### What you should do
With the pictures omitted, print exactly the lines below, from the one containing "Freundlicher Empfang mit" through the one containing "Výbor Základnej organizácie", and nothing else.
● ● ● ● ●
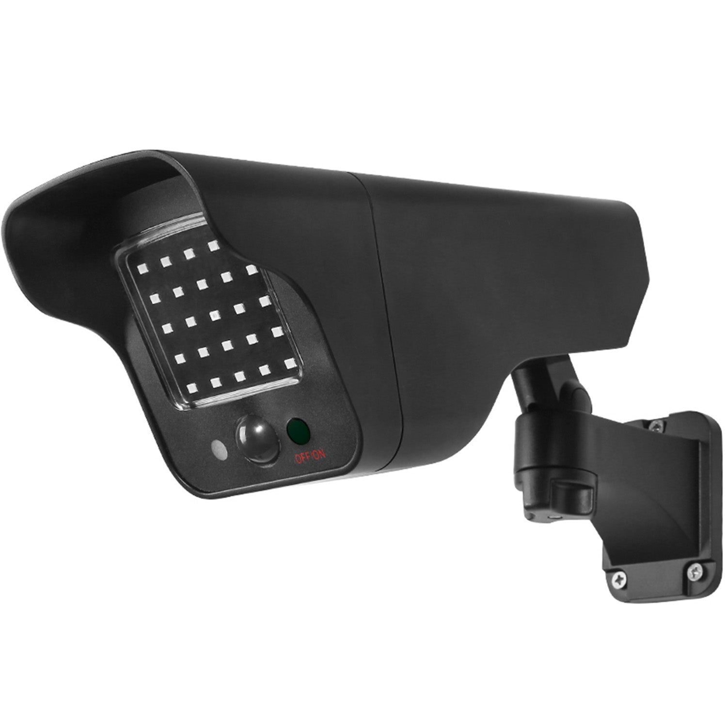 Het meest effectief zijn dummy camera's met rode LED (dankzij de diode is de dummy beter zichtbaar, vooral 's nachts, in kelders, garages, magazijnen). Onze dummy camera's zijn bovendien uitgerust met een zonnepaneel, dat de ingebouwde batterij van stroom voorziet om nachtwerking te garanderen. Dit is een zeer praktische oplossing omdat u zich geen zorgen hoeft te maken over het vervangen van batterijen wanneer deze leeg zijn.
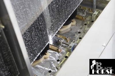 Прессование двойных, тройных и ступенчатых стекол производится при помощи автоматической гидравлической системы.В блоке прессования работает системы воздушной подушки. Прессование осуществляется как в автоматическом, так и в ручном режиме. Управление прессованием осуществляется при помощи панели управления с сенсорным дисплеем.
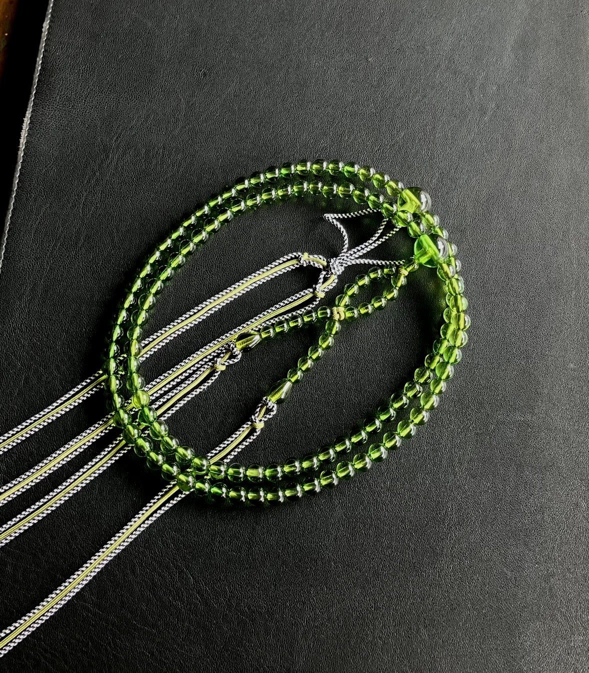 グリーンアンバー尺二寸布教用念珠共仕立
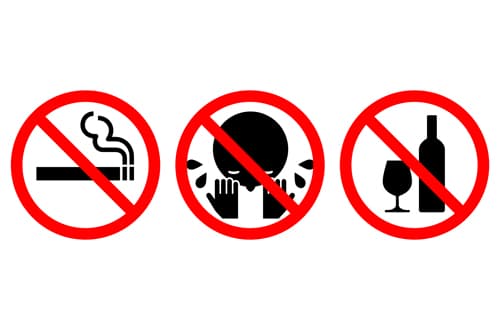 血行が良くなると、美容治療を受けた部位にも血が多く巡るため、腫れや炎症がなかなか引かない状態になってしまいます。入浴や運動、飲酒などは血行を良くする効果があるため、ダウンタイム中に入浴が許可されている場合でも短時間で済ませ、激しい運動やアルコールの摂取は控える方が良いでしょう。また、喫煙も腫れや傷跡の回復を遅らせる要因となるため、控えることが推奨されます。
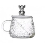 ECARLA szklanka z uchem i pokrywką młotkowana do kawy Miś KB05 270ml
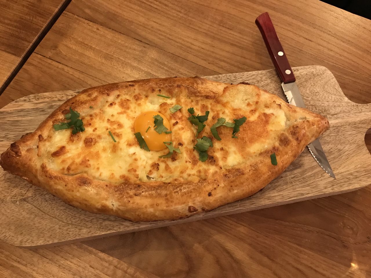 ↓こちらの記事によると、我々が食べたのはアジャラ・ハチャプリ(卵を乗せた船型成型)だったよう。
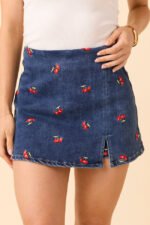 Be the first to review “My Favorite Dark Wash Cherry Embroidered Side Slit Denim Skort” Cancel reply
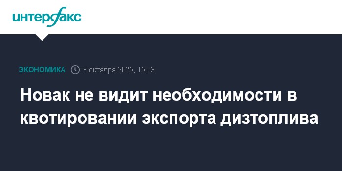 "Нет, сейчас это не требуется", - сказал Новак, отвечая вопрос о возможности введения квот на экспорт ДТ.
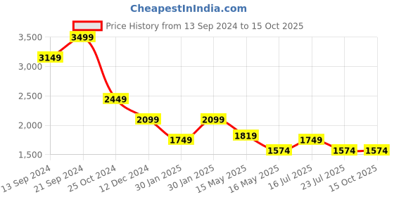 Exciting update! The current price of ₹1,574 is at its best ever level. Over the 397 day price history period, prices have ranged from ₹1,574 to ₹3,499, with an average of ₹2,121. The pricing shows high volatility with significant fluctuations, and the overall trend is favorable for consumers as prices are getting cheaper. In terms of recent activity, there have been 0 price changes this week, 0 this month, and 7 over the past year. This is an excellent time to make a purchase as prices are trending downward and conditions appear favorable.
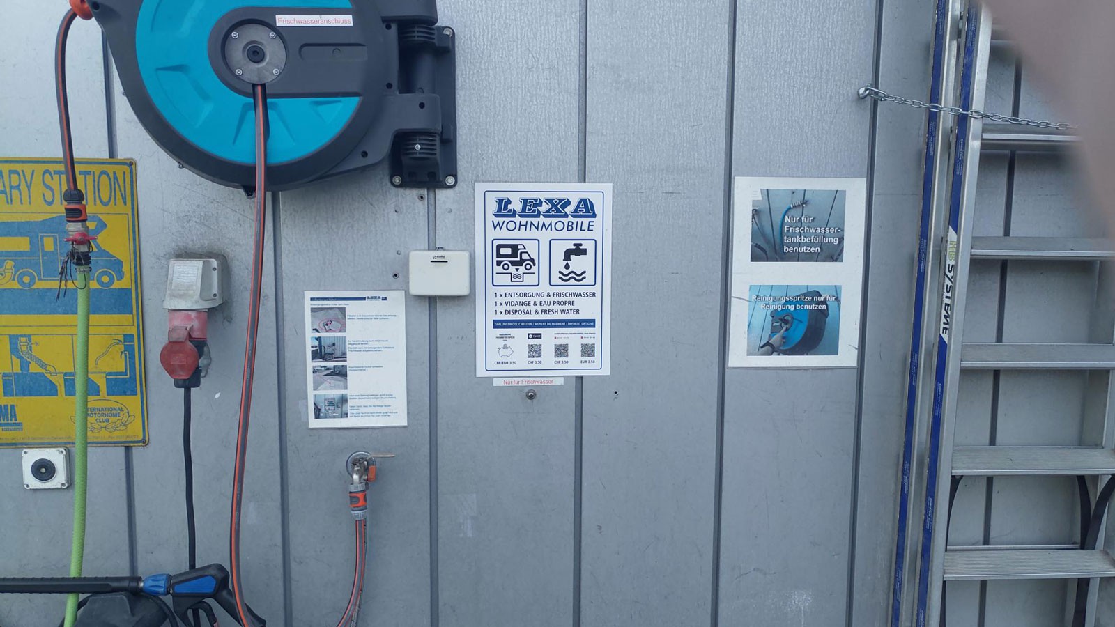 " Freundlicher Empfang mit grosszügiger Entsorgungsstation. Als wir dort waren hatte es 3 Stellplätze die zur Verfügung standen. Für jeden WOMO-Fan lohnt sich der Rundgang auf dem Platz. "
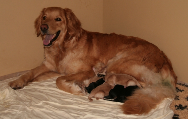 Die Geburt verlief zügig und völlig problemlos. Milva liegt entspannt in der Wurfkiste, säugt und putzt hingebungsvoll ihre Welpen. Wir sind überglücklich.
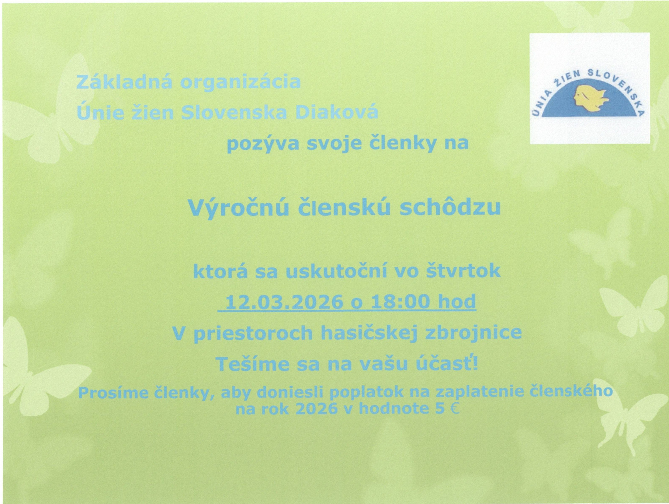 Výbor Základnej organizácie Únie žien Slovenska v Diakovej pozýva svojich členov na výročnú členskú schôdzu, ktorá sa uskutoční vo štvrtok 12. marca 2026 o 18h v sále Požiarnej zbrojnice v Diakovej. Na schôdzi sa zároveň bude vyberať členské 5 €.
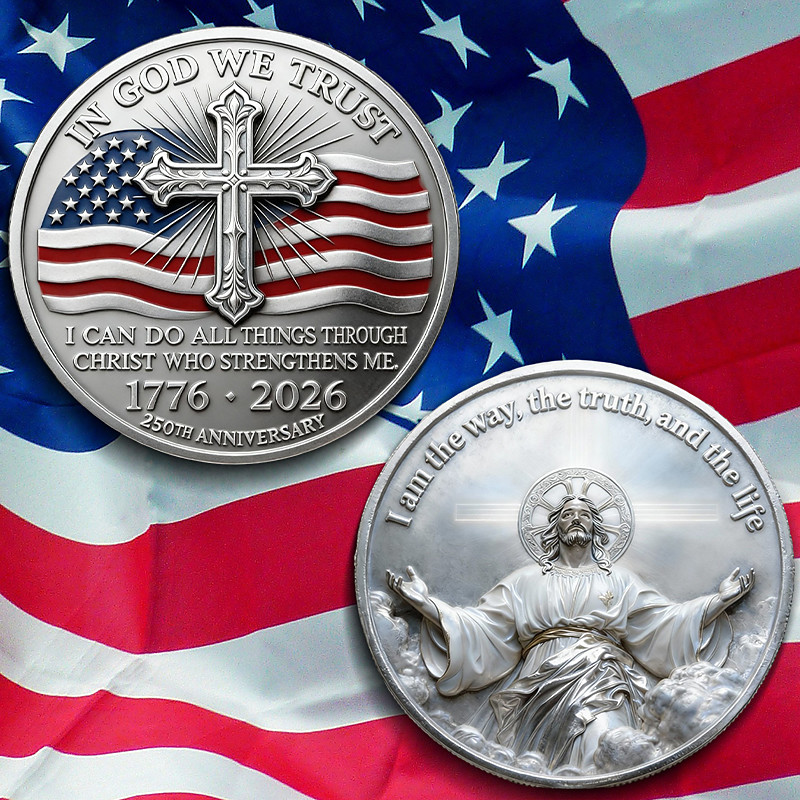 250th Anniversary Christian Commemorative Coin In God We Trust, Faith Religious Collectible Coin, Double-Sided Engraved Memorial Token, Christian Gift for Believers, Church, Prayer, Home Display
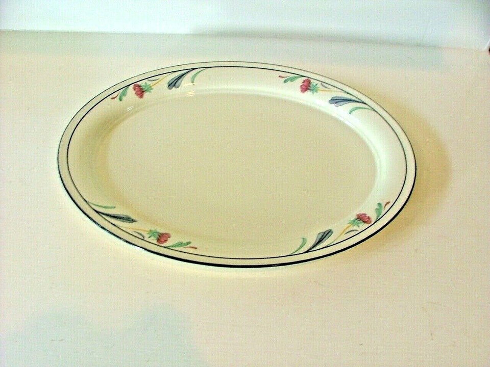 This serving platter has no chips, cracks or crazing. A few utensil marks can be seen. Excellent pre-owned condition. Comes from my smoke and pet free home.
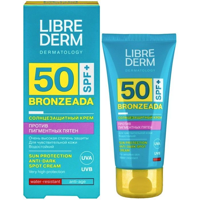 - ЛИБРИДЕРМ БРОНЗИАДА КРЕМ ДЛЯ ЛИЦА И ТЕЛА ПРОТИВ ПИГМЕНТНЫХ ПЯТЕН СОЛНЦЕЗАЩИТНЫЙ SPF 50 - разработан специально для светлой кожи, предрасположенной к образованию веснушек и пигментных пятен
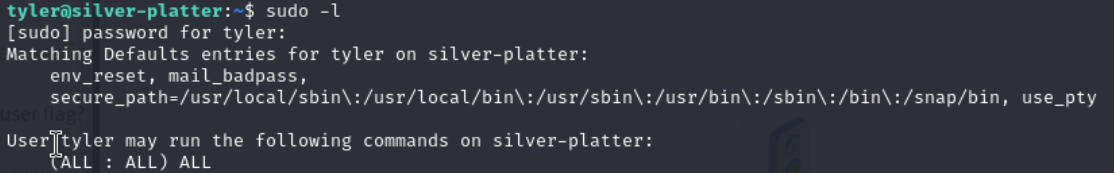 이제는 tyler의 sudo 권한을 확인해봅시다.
● ● ● ● ●
### Task response
 " Freundlicher Empfang mit grosszügiger Entsorgungsstation. Als wir dort waren hatte es 3 Stellplätze die zur Verfügung standen. Für jeden WOMO-Fan lohnt sich der Rundgang auf dem Platz. "
 Die Geburt verlief zügig und völlig problemlos. Milva liegt entspannt in der Wurfkiste, säugt und putzt hingebungsvoll ihre Welpen. Wir sind überglücklich.
 Výbor Základnej organizácie Únie žien Slovenska v Diakovej pozýva svojich členov na výročnú členskú schôdzu, ktorá sa uskutoční vo štvrtok 12. marca 2026 o 18h v sále Požiarnej zbrojnice v Diakovej. Na schôdzi sa zároveň bude vyberať členské 5 €.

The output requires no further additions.